The same day, Sean Trende himself quietly backed off his earlier prognostication:
As a general rule, whenever people ask me about my thoughts on poll “x” or poll “y” my response is the same: Throw it in the poll average. Remember, not only are error margins real, but they’re intrinsic to sampling. An error margin of plus-or-minus three percent means that 95% of the time, the true population will be within three percentage points of the published “topline,” but that one time in twenty it won’t be. That’s not a pollster quality thing, that just comes with the territory of asking a fraction of the true population of interest.
So the fact that CNN’s latest poll has Trump up six points isn’t that interesting to me, in and of-itself. It’s marginally interesting that this is happening in the midst of the one criminal trial that is likely to occur before Election Day, but it’s more interesting that his standing in the poll averages has held with the trial under way.
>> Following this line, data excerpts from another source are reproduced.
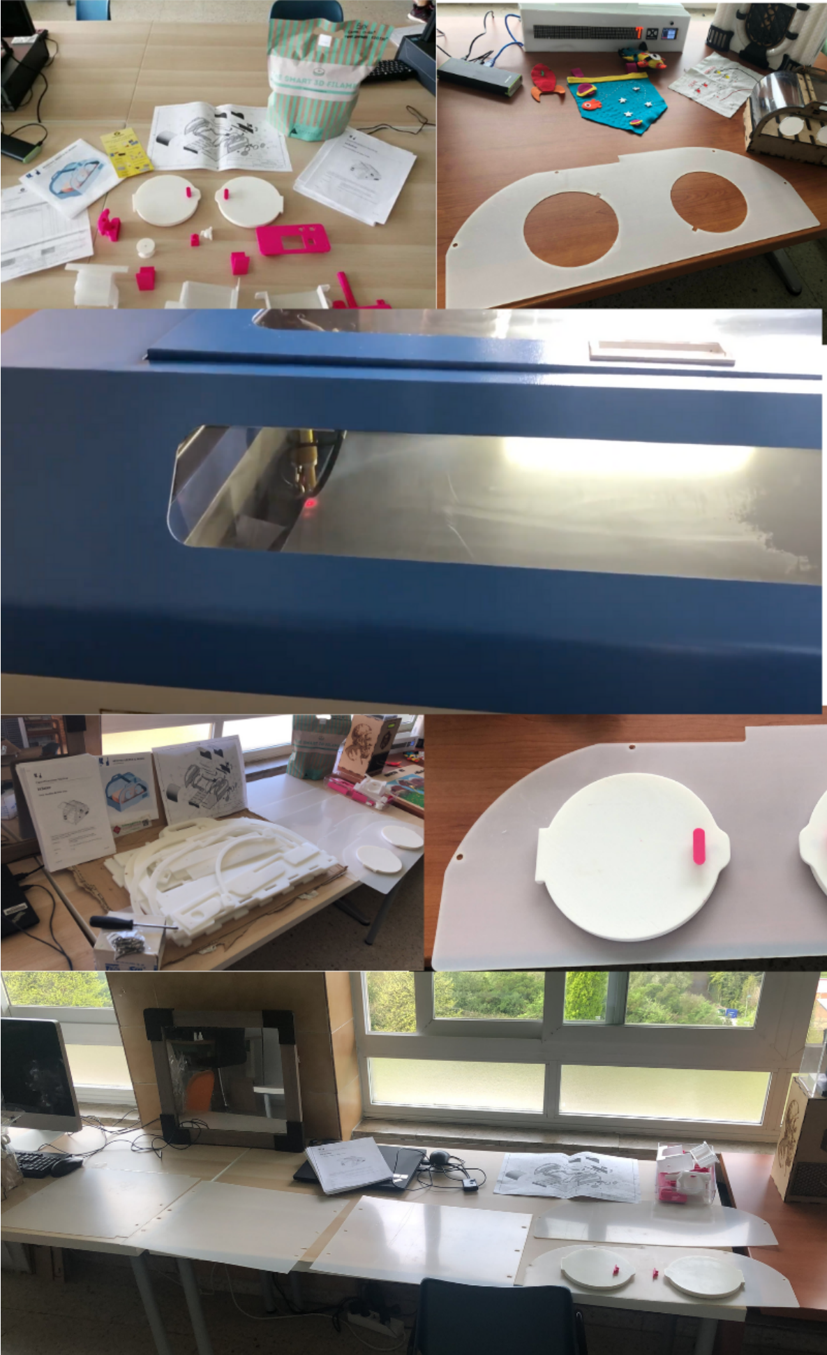
Proceso de impresión- Corte láser
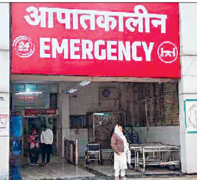
सोनीपत। इलाज के बाद बाहर आते लोग।
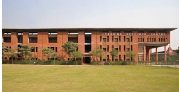
L'Institut de technologie de l'information de Jaypee

Le Groupe Arcop (Montréal, Qc) Architecte concepteur : Ramesh Khosla, FRAIC
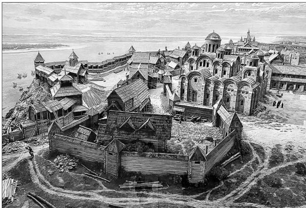
Київ у X столітті. Реконструкція. Київський археологічний музей, диорама «Київ. Місто Володимира». Автор С. М. Половко. Суспільне надбання

Чи означає це, що Києву варто переглянути офіційну дату свого заснування, відкинувши радянську за своїм походженням версію. І якою, в такому разі, має бути нова дата — 430, 862, 882, 887, 944, 948 чи може якийсь інше рік?

But wait a moment. Trende himself in the piece I linked on April 19 relied on his own poll average to come up with just the conclusion he sorta-kinda now thinks was misleading:
As of today, Trump’s lead [in the RCP average] sits at just two-tenths of a percentage point.
And this was to substatiate his explicit view in the piece's title, "What To Make of Biden’s Rise in the Polls?" As of today, he's relying on his own poll average to say that well, after all, Trump has led in these since last year -- but then, of all things, he relies on the old chestnut,
Will this continue? Obviously it’s hard to say, as polls are just snapshots in time.
On April 22, still pondering that strange consensus that Trende had endorsed the previous week, I linked to this piece at The Hill, It’s time to retire the laziest cliché in election polling.
Opinion polling has no lazier cliché than “snapshot in time.”
The aphorism is intended to suggest impermanence — that polls taken weeks or months before an election have limited predictive value. The phrase has been repeatedly invoked as the 2024 presidential election race has unfolded. It will be heard many times before the campaign ends.
. . . [T]he phrase is a refuge or metaphoric shield for pollsters when their pre-election surveys misfire. In such cases, “snapshot in time” is cited in attempting to defend or rationalize polls that careen well off-target, as many of them did in the 2020 presidential election.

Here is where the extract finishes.